**Your task**
With the exception of the pictures, write out the data below precisely.

##### Data shown

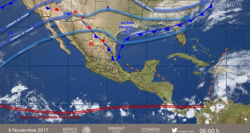 Para hoy, el frente frío No. 9 se extenderá sobre el norte y noreste de México, su masa de aire frío favorecerá descenso de las temperaturas y vientos superiores a 60 km/h en dichas regiones y rachas de viento superiores a 70 km/h en el Istmo y Golfo de Tehuantepec.
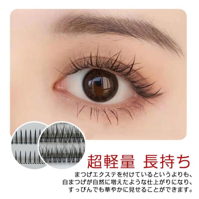 | まつげエクステを付けているというよりも、自まつげが自然に増えたような仕上がりになり、すっぴんでも華やかに見せることができます。 束エクステなのに羽のように軽く柔らかい付け心地です。 | |
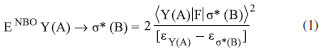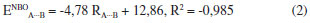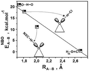 É proibitivo, neste momento, afirmar que esta energia de interação deve ser completamente resguardada à ligação de hidrogênio O···H-O. Assim, a determinação do quinhão energético equivalente a O···H-O e Hα1···O=C e Hα2···O=C não pode ser feito pelo critério da supermolécula. Na análise NBO, a energia de interação é obtida conforme a equação (1):104 ![]() na qual 2 indica a ocupação (2 elétrons) no orbital doador, |F| é a matriz de Fock, εY(A) - εYσ*(B) corresponde a diferença de energia entre os orbitais,35 A e B representam os pares de elétrons (LP, do inglês lone pair) do receptor (C2H4O) e o orbital antiligante da ligação sigma (BD*(1)) Hβ-O do doador de próton (HO2CH), respectivamente. Na Tabela 5 são listadas as energias de interação NBO para as ligações de hidrogênio: ENBOO···H-O (LP···BD*(1), ENBOHα1···O=C(BD*(1)···LP) e ENBOHα2···O=C(BD*(1)···LP). Em alguns sistemas, a força de interação medida por estas energias NBO apresentam uma relação bem estabelecida com as distâncias de interação.105 Na Figura 5, a relação entre os valores das energias ENBOA···B e as distâncias intermoleculares RA···B apresenta um perfil linear com coeficiente de correlação R2 de -0,985 representado pela equação (2): ![]()
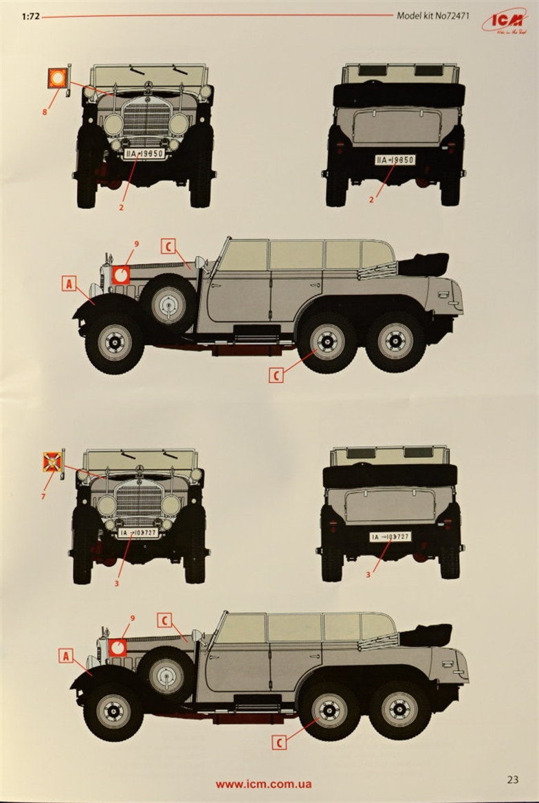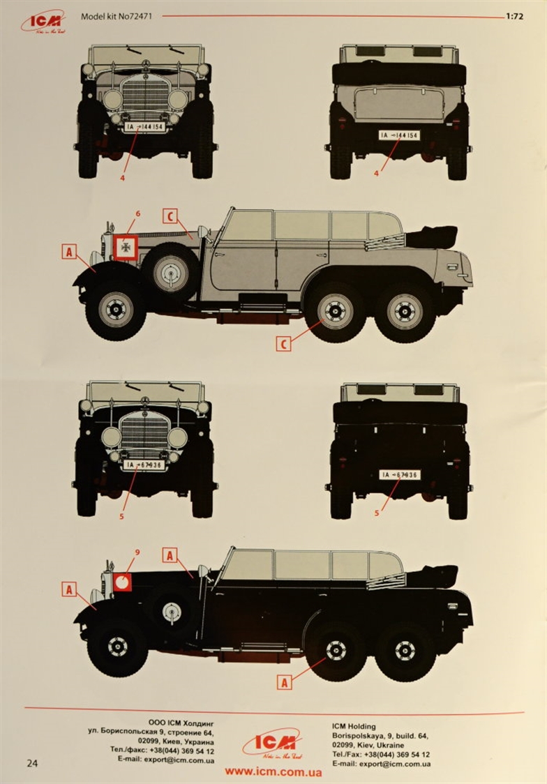 ICM - 1/72 Typ G4 (1935 production), WWII German Staff Car (100 new molds) snap fit/no glue. &bullet, Highly detailed chassis, engine and interior. A 4 versions decal sheet is included
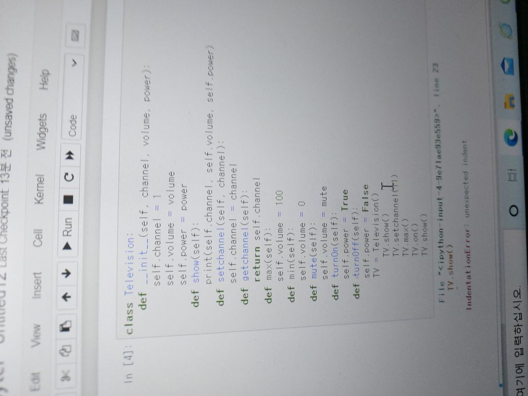 ... (생략) def turnOff(self): self.power = False TV = Television() TV.show() TV.setchannel(11) TV.max() TV.on() TV.show()안녕하세요
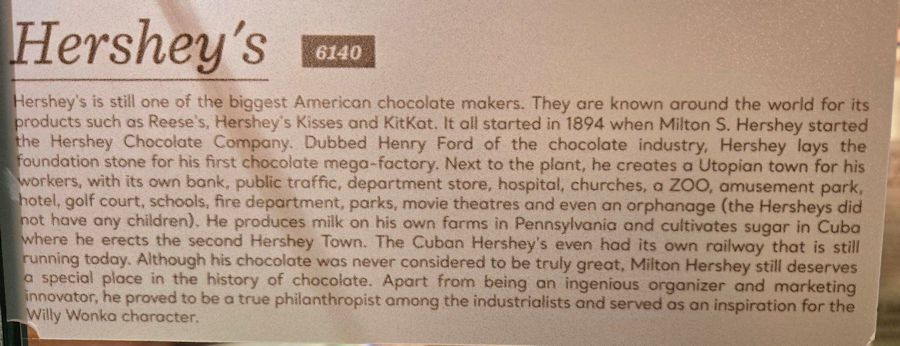 tickets included chocolate samples of the varieties described throughout the museum |
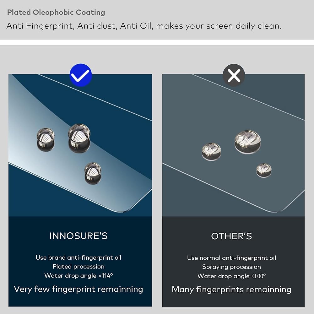 • High-end oleophobic coating keeps the screen daily out of fingerprints, smudges, oil, water etc. Super easy to install along with the steps and without glue resigue after peel-off.
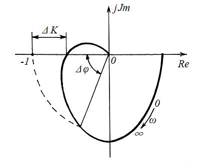 Запас устойчивости по фазе равен величине угла Δφ, на которую должно измениться запаздывание по фазе, чтобы система оказалась на границе устойчивости.
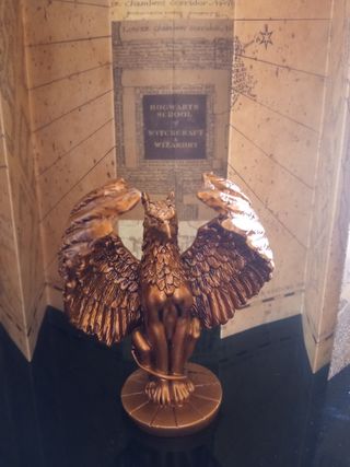 Estatua decorativa del Grifo protector que custodia la puerta del despacho del Director del Colegio de magia y hechicería, Albus Dumbledore. Este ser mitológico, que tiene cuerpo de león y cabeza de águila, es un símbolo de sabiduría y valentía, características propias de la casa Gryffindor. Ideal para decorar un escritorio o estantería de todo fan de la saga de Harry Potter.
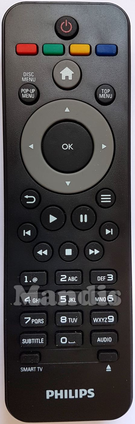Power, Red, Green, Yellow, Blue, Home, Pop-Up Menu / Disc Menu, Top Menu, Up, Down, Right, Left, OK, Back, Options, Play, Pause, I<, >I, <<, >>, Stop, 1, 2, 3, 4, 5, 6, 7, 8, 9, 0, Subtitle, Audio, Smart TV, Eject

##########

**Task answer**
 Para hoy, el frente frío No. 9 se extenderá sobre el norte y noreste de México, su masa de aire frío favorecerá descenso de las temperaturas y vientos superiores a 60 km/h en dichas regiones y rachas de viento superiores a 70 km/h en el Istmo y Golfo de Tehuantepec.
 | まつげエクステを付けているというよりも、自まつげが自然に増えたような仕上がりになり、すっぴんでも華やかに見せることができます。 束エクステなのに羽のように軽く柔らかい付け心地です。 | |
 É proibitivo, neste momento, afirmar que esta energia de interação deve ser completamente resguardada à ligação de hidrogênio O···H-O. Assim, a determinação do quinhão energético equivalente a O···H-O e Hα1···O=C e Hα2···O=C não pode ser feito pelo critério da supermolécula. Na análise NBO, a energia de interação é obtida conforme a equação (1):104 ![]() na qual 2 indica a ocupação (2 elétrons) no orbital doador, |F| é a matriz de Fock, εY(A) - εYσ*(B) corresponde a diferença de energia entre os orbitais,35 A e B representam os pares de elétrons (LP, do inglês lone pair) do receptor (C2H4O) e o orbital antiligante da ligação sigma (BD*(1)) Hβ-O do doador de próton (HO2CH), respectivamente. Na Tabela 5 são listadas as energias de interação NBO para as ligações de hidrogênio: ENBOO···H-O (LP···BD*(1), ENBOHα1···O=C(BD*(1)···LP) e ENBOHα2···O=C(BD*(1)···LP). Em alguns sistemas, a força de interação medida por estas energias NBO apresentam uma relação bem estabelecida com as distâncias de interação.105 Na Figura 5, a relação entre os valores das energias ENBOA···B e as distâncias intermoleculares RA···B apresenta um perfil linear com coeficiente de correlação R2 de -0,985 representado pela equação (2): ![]()
 ICM - 1/72 Typ G4 (1935 production), WWII German Staff Car (100 new molds) snap fit/no glue. &bullet, Highly detailed chassis, engine and interior. A 4 versions decal sheet is included
 ... (생략) def turnOff(self): self.power = False TV = Television() TV.show() TV.setchannel(11) TV.max() TV.on() TV.show()안녕하세요
 tickets included chocolate samples of the varieties described throughout the museum |
 • High-end oleophobic coating keeps the screen daily out of fingerprints, smudges, oil, water etc. Super easy to install along with the steps and without glue resigue after peel-off.
 Запас устойчивости по фазе равен величине угла Δφ, на которую должно измениться запаздывание по фазе, чтобы система оказалась на границе устойчивости.
 Estatua decorativa del Grifo protector que custodia la puerta del despacho del Director del Colegio de magia y hechicería, Albus Dumbledore. Este ser mitológico, que tiene cuerpo de león y cabeza de águila, es un símbolo de sabiduría y valentía, características propias de la casa Gryffindor. Ideal para decorar un escritorio o estantería de todo fan de la saga de Harry Potter.
Power, Red, Green, Yellow, Blue, Home, Pop-Up Menu / Disc Menu, Top Menu, Up, Down, Right, Left, OK, Back, Options, Play, Pause, I<, >I, <<, >>, Stop, 1, 2, 3, 4, 5, 6, 7, 8, 9, 0, Subtitle, Audio, Smart TV, Eject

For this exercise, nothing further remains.